• [Task requirements]
Leave every picture out and give back the lines below from the first through the line that holds "Женена двойка пътува", exactly as written.

• [Data provided]
--------------------------------
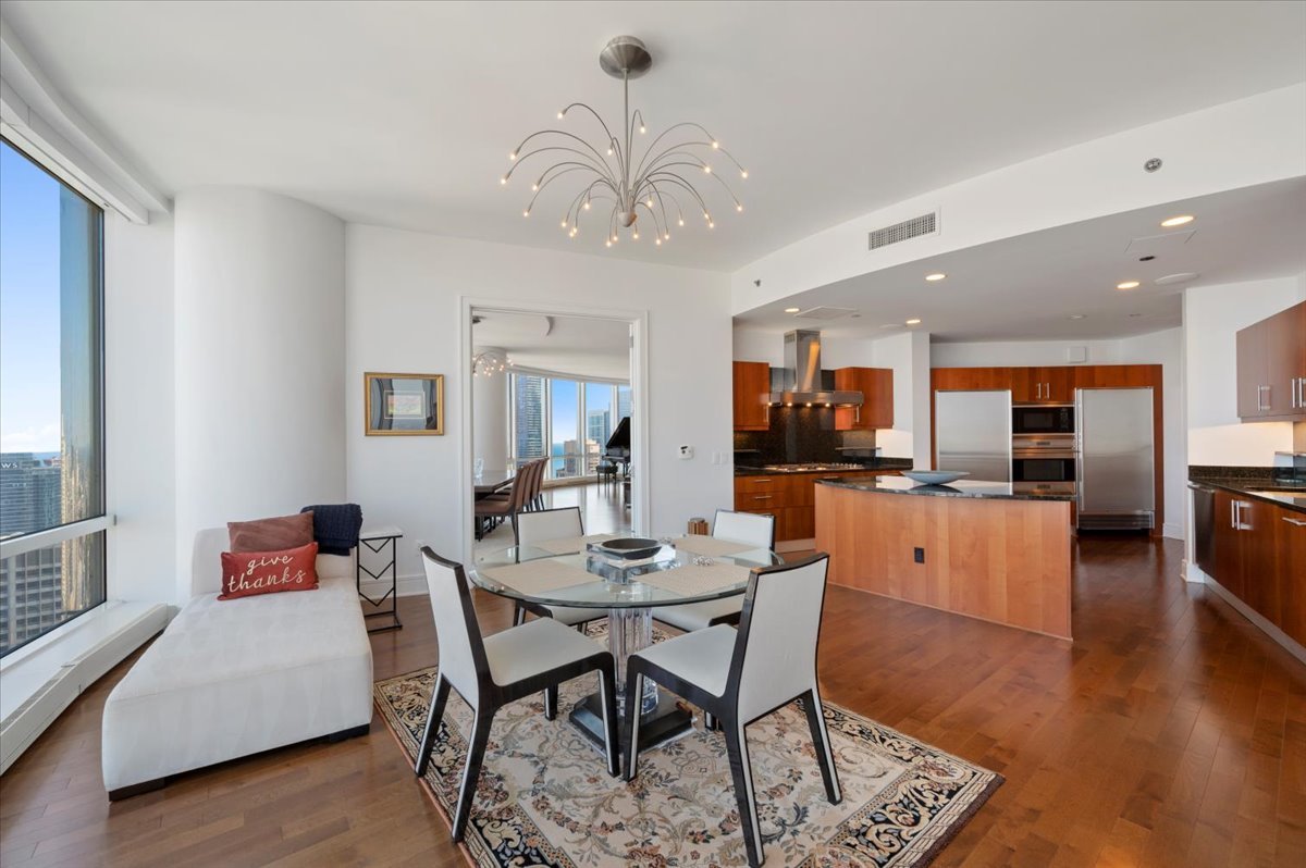 A rare opportunity, this coveted A-tier residence seldom becomes available. Only nine of these unique layouts were ever created by the developer, and all sold out on the very first day of pre-construction release. Experience unparalleled luxury in this spectacular 4,000 sq. ft. A-tier home at the iconic Trump Tower Chicago. Designed for elegant living and grand entertaining, the residence offers 3 bedrooms, a separate den, media room, and family room. A dramatic entry foyer opens to a sun-drenched, river-facing living room with soaring floor-to-ceiling windows showcasing breathtaking, unobstructed views of the Chicago skyline, river, and lake from every window. Motorized shades throughout operate with a single touch for effortless convenience. Beautifully customized by the current owner, the home features new bathroom vanities, rich birch hardwood floors, custom lighting, built-ins, and an integrated surround-sound system. The closets were designed with exceptional craftsmanship and luxury finishes. The chef’s kitchen is a true showpiece, boasting marble countertops, Miele cooktop and dishwasher, Wolf convection oven and microwave, and an impressive 64-inch Sub-Zero refrigerator and freezer. Three custom fireplaces with elegant stone mantels add warmth and sophistication throughout. The expansive primary suite offers two extraordinary walk-in closets and dual spa-inspired bathrooms, each finished in exquisite natural stone with oversized soaking tubs and separate glass-enclosed showers. A truly extraordinary residence that defines refined city living in one of Chicago’s most prestigious addresses. Opportunities like this are exceptionally rare and highly sought after.
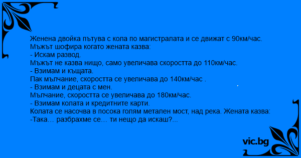 Женена двойка пътува с кола по магистралата и се движат с 90км/час. Мъжът шофира когато жената казва:
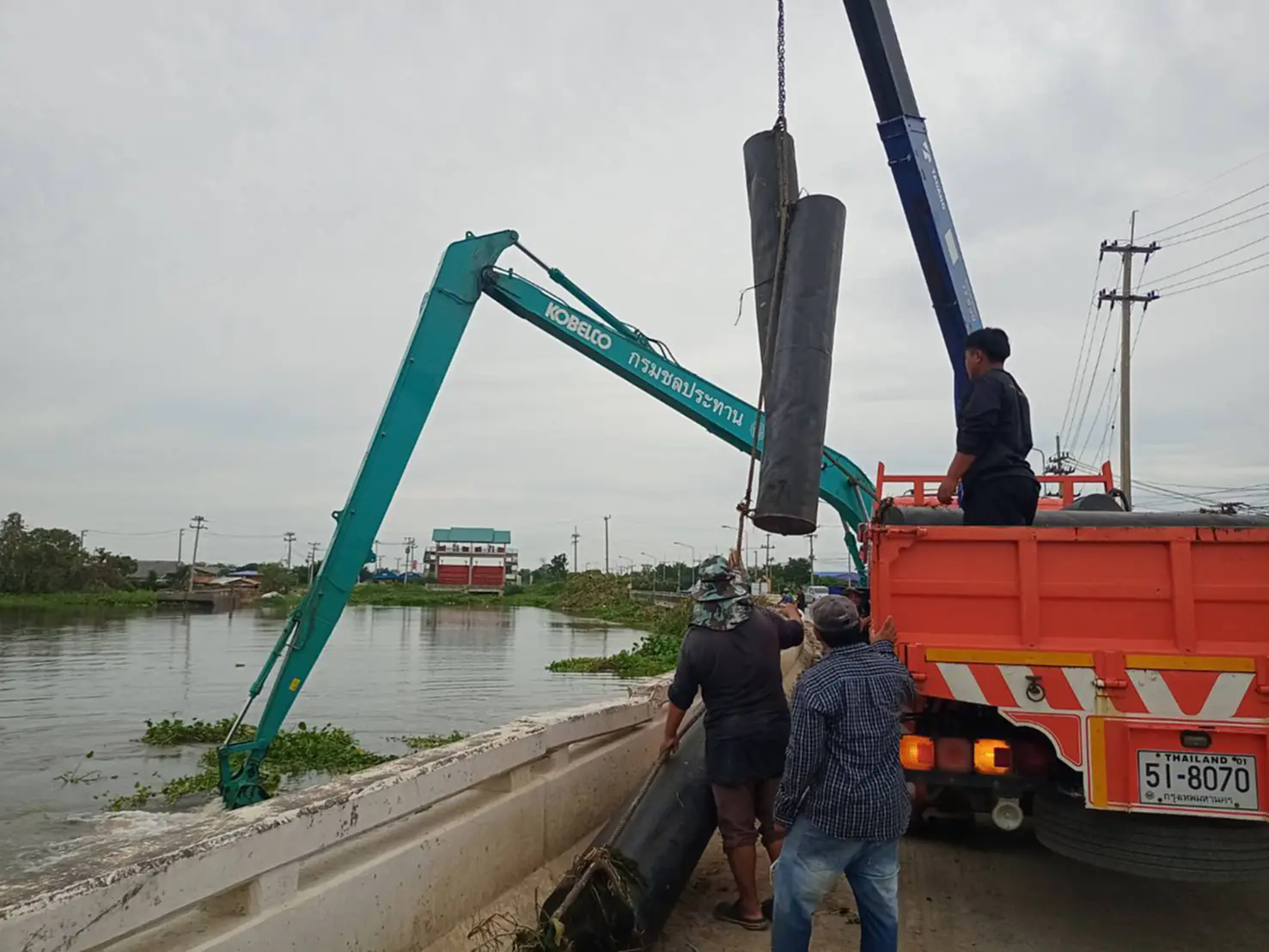 กรมโยธาธิการและผังเมือง กระทรวงมหาดไทย ส่งเรือกำจัดผักตบชวาร่วมแก้ปัญหาน้ำท่วมและป้องกันผักตบชวาติดเครื่องผลักดันน้ำ เพื่อสนับสนุนภารกิจเร่งระบายน้ำในแม่น้ำท่าจีนบริเวณสะพานนครชัยศรี อำเภอนครชัยศรี จังหวัดนครปฐม และบริเวณสะพานวัดท่าเจดีย์ อำเภอสองพี่น้อง จังหวัดสุพรรณบุรี ซึ่งเป็นพื้นที่ที่ได้รับผลกระทบจากพายุ “คัลแมกี”
--------------------------------
• [Result]
 A rare opportunity, this coveted A-tier residence seldom becomes available. Only nine of these unique layouts were ever created by the developer, and all sold out on the very first day of pre-construction release. Experience unparalleled luxury in this spectacular 4,000 sq. ft. A-tier home at the iconic Trump Tower Chicago. Designed for elegant living and grand entertaining, the residence offers 3 bedrooms, a separate den, media room, and family room. A dramatic entry foyer opens to a sun-drenched, river-facing living room with soaring floor-to-ceiling windows showcasing breathtaking, unobstructed views of the Chicago skyline, river, and lake from every window. Motorized shades throughout operate with a single touch for effortless convenience. Beautifully customized by the current owner, the home features new bathroom vanities, rich birch hardwood floors, custom lighting, built-ins, and an integrated surround-sound system. The closets were designed with exceptional craftsmanship and luxury finishes. The chef’s kitchen is a true showpiece, boasting marble countertops, Miele cooktop and dishwasher, Wolf convection oven and microwave, and an impressive 64-inch Sub-Zero refrigerator and freezer. Three custom fireplaces with elegant stone mantels add warmth and sophistication throughout. The expansive primary suite offers two extraordinary walk-in closets and dual spa-inspired bathrooms, each finished in exquisite natural stone with oversized soaking tubs and separate glass-enclosed showers. A truly extraordinary residence that defines refined city living in one of Chicago’s most prestigious addresses. Opportunities like this are exceptionally rare and highly sought after.
 Женена двойка пътува с кола по магистралата и се движат с 90км/час. Мъжът шофира когато жената казва:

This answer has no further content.